Gina

I’m volunteering at the Mile Zero Fest in Key West. From my post at the entrance gate I can hear Cody Canada and the Departed are on stage. I wasn’t sure I’d like this kind of music — thought it might sound a little too much like country music — but they’re winning me over. Their strong guitars and the front man’s banter are winning me over: making me dance, even. We’re at the Sunset Green’s Lawn across from the Gulf of Mexico and in between two hotels: 24 North and The Gates. 24 North is named after the latitude and longitude of its location; I have no idea what The Gates is named after — although its bar, Rum Row, has lots of quotes about Hemingway and rum runners.

From the stage, Cody announces that a women in the front row has left with the parting words of: this isn’t red dirt music! His response slams her with, “Red dirt isn’t a genre it’s a place in your soul.”

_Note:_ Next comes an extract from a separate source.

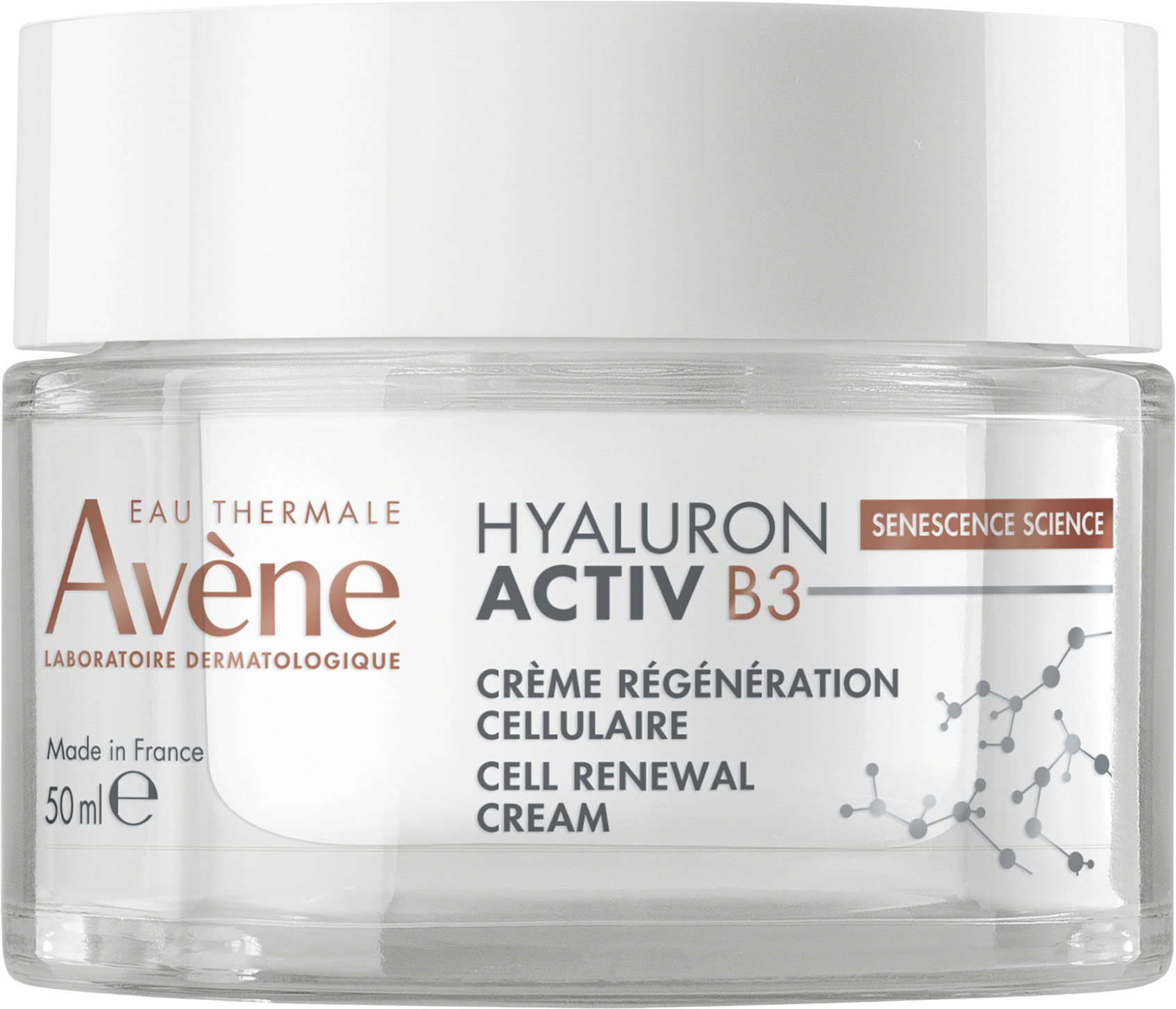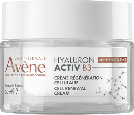 S vekom starnúce bunky pribúdajú rýchlejšie. Dermatologické laboratóriá Avène vytvorili Hyaluron Activ B3 krém s čistou kyselinou hyalurónovou v koncentrácii 0,2% (s vysokou a nízkou molekulárnou hmotnosťou) a 6% niacínamidom, ktoré spoločne pôsobia na príčinu starnutia a predlžujú životnosť buniek*. Pleť je už po prvej aplikácii vypnutá, vyhladená a žiarivá. Po 2 týždňoch je pleť regenerovaná, pevnejšia a vrásky sú redukované**.

Or something like that. His words and certainty grabbed me and made me like him even more. It seemed like a good way to address it and the crowd went wild. They moved on and into another great song. After which this banter began between Cody and the crowd. They started using the “K” word (Karen) which then became “Fuck you, Karen!”

Then I heard Cody talking with someone in the front row about what her real name was and the slam of the woman morphed into, “Fuck you, Gina!” I gave a nod to their creativity, even smiled a little. As a writer, I am familiar with rejection and am very sensitive to its encounters.

At the end of the show, people were filing out of the gate saying, “Fuck you, ‘gina!”

As in the abbreviation of vagina.

Ok, now they’re slamming girl parts. They’re using girl parts as an insult. Boy, am I tired of that.

How the fuck can the vagina, the gateway of newborn life, ever be associated with weakness? Reduced to a slur.

Meanwhile. . . “grow a pair” or “have some balls” is equated with toughness.

Have you ever seen a guy get hit in the balls? Watched him crumble to the ground like a bouncy house that just blew a seam? Come on. How has having balls been associated with strength while a vagina, capable of an expanding to encompass the size of a tiny human, gets the rap of weakness?

In the immortal words of Betty White: “Why do people say, ‘Grow some balls?’ Balls are weak and sensitive. If you really wanna get tough, grow a vagina. Those things really take a pounding!”